= GIVEN INFORMATION =
━━━━━━━━━━━━━━━━━━━━

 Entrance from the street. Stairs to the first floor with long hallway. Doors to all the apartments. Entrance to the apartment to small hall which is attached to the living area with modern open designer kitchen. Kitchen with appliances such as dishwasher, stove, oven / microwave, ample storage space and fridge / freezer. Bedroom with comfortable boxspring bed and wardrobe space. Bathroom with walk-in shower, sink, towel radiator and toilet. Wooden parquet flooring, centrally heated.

━━━━━━━━━━━━━━━━━━━━

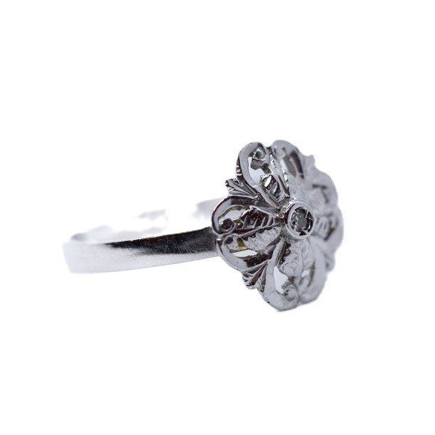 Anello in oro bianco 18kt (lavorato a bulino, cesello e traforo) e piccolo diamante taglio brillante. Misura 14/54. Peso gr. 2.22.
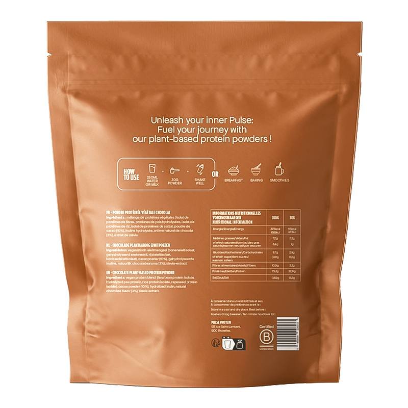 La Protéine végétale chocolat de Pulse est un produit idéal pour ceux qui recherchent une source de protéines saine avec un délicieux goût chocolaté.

━━━━━━━━━━━━━━━━━━━━

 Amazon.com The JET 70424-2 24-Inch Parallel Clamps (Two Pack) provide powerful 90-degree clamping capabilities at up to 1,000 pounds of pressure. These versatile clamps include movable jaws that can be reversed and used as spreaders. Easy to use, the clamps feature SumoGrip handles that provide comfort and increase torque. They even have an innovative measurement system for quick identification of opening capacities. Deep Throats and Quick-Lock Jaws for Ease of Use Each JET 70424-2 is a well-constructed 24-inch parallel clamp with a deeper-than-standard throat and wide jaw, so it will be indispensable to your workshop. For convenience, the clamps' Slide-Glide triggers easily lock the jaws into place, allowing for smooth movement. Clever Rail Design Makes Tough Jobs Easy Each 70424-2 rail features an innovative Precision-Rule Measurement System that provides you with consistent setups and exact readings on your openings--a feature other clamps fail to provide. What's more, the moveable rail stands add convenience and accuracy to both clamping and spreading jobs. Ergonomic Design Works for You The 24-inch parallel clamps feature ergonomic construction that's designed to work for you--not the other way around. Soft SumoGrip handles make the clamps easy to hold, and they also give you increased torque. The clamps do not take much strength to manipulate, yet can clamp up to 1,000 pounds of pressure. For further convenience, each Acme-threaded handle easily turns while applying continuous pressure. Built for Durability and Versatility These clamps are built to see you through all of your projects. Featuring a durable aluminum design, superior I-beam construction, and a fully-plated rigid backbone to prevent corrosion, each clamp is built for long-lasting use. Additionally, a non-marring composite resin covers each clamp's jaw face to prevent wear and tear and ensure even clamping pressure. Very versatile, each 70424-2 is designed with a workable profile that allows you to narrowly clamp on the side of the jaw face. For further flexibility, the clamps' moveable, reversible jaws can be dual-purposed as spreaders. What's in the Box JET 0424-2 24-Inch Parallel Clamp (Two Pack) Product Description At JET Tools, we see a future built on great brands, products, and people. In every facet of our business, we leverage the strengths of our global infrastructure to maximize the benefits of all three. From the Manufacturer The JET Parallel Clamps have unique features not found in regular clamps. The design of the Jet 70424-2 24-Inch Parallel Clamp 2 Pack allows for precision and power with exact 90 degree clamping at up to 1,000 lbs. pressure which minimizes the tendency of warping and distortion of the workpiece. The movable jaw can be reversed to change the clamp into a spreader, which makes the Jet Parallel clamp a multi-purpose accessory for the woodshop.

━━━━━━━━━━━━━━━━━━━━

Would you output the lines above from the line holding "Anello in oro" up to and including the line holding "La Protéine végétale", exactly and only those, with no pictures?

= OUTPUT BELOW =
 Anello in oro bianco 18kt (lavorato a bulino, cesello e traforo) e piccolo diamante taglio brillante. Misura 14/54. Peso gr. 2.22.
 La Protéine végétale chocolat de Pulse est un produit idéal pour ceux qui recherchent une source de protéines saine avec un délicieux goût chocolaté.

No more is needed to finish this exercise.